I don’t think the 5% is evil. I don’t believe oppression is perpetrated by a cabal of super powerful cartoonish villains. I simply believe that oppressors are folks who believe inequality is a good thing because they enjoy their position in the hierarchy and don’t want to give it up. You can convince some of these people that moving closer to the “average” will not be the worst thing in the world for their happiness and health. But you will never be able to convince them that they would be better off being “average” than where they are now. And you will only waste time and energy trying to do this.
Hell, I’m nowhere close to being in the top 5%. But if there was a bill in Congress that required all homeowners to relinquish their property to the state so that everyone can have guaranteed housing, I would be vehemently against it. Even if I understood that society would be better off if everyone had guaranteed housing, I still wouldn’t want to sacrifice my house to make that happen. It would be very very difficult to convince me that I, as an individual, would be just as happy living in a Soviet-style cinderblock efficiency apartment as I am in a 2-bedroom detached home with a front porch and a big backyard. You could convince me that there are benefits to living in a society where no one has to worry about being homeless. But you wouldn’t be able to convince me that those benefits outweigh the losses I would incur as an individual.

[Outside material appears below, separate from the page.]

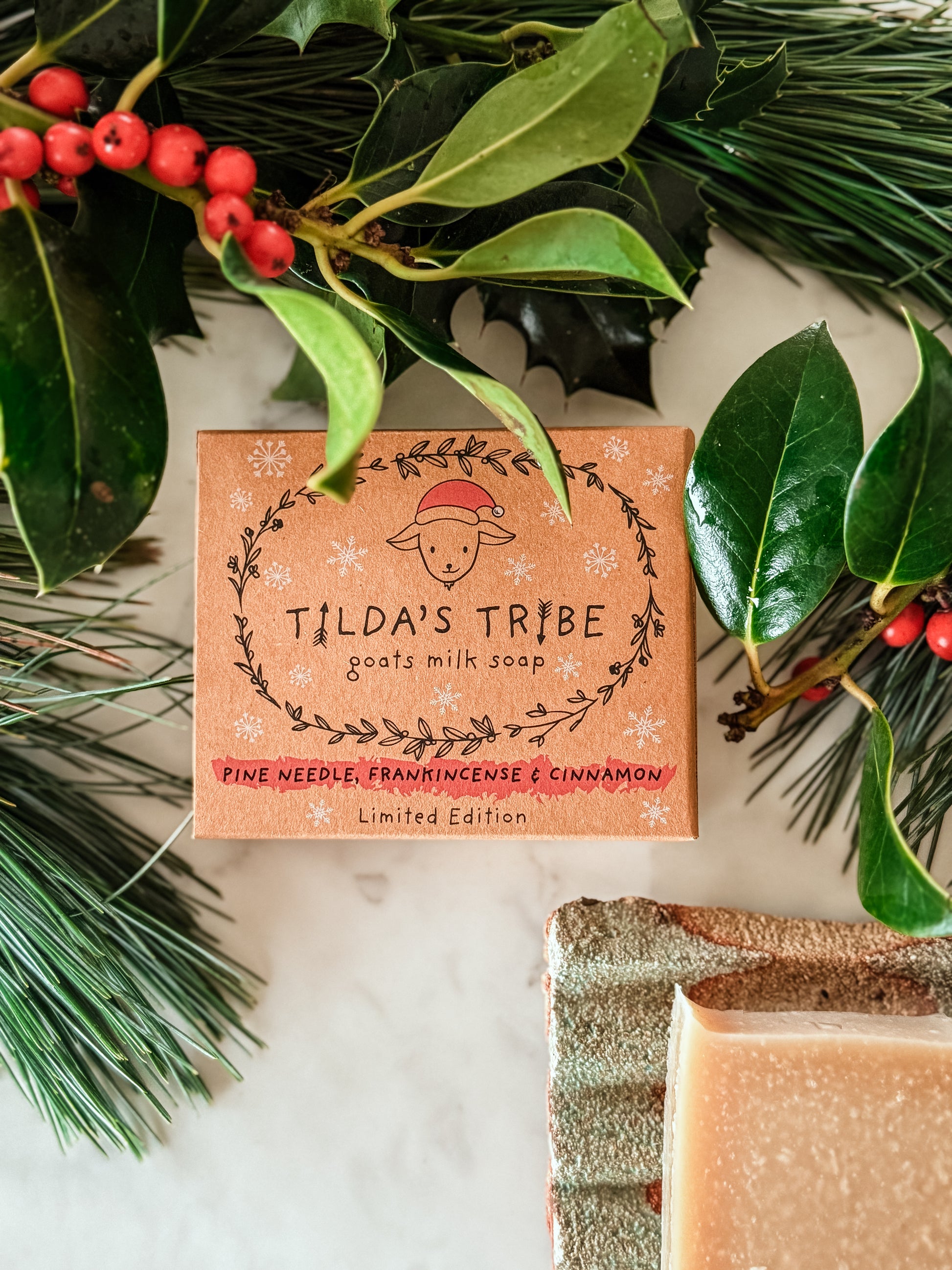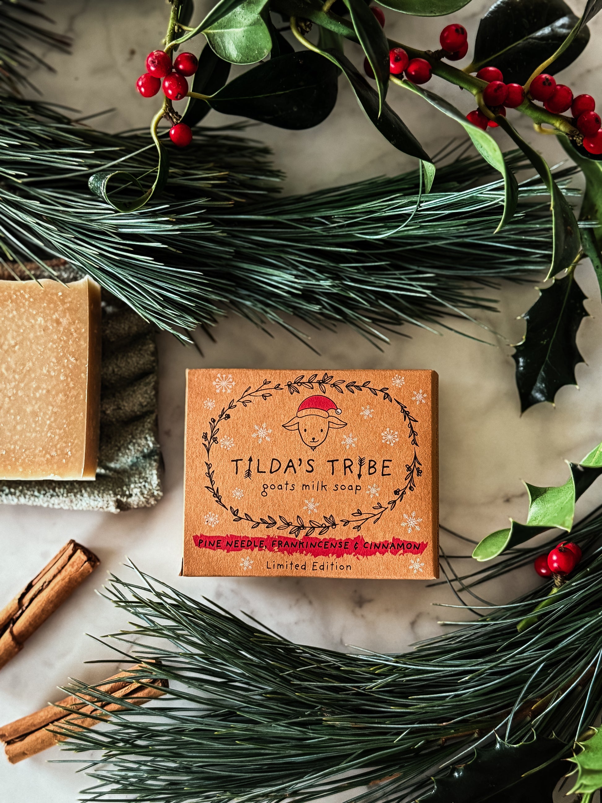 🎁 Limited Edition Christmas Goat’s Milk Soap – Pine Needle, Frankincense & Cinnamon 🎁

My own specific example from the last anarchism thread was a relatively small percentage who can exert out-sized influence with their eagerness and facility for violence. My impression from others in that particular thread is that they were making similar points about a minority of bad people. But maybe I mis-read that for some of them.
I’ve seen these kinds of errors in both directions.
To try to shift the discussion to what I think the thrust of the OP, I will exerpt the last parapraph:
Convincing hearts and minds that equality for all is beneficial for all is a laudable goal, but its not necessary to overturn oppression. If abolitionists had to wait on the slaveowning establishment to come to reason on their own, black people would still be enslaved. It took brute force to liberate slaves. Revolutions rarely are peaceful affairs, but that doesn’t mean they don’t bring about progress.
Sometimes heart and minds don’t change until after the shackles are removed, so to speak. Gay acceptance is an example. Before gay marriage was legal, there was a lot of resistance to it. Lots of people wanted to deny homosexual couples the legal protections and recognitions afforded straight couples. Once legislation was passed that allowed gays to marry, do we think these people are still frothing at the mouth? Some certainly are, but a decent majority of people are not accepting of it. It isn’t so scary and evil anymore. Homophobia still persists, but in less than 10 years, we’ve had a revolutionary change in our tolerance of it. I doubt we would’ve gotten to this place socially in the absence of laws forcing us to be more equal.
The top 5% are convinced they are where they are because they deserve it, being smarter or better leaders or somehow superior to the others. That goes for those who earned their position, but it also goes for those who were born into it. Especially people like Trump who were born halfway between third base and home.
Many of them don’t object to giving up their stuff out of greediness (or so they say) just that it would be unfair to give inferior people some of the stuff they got from being superior.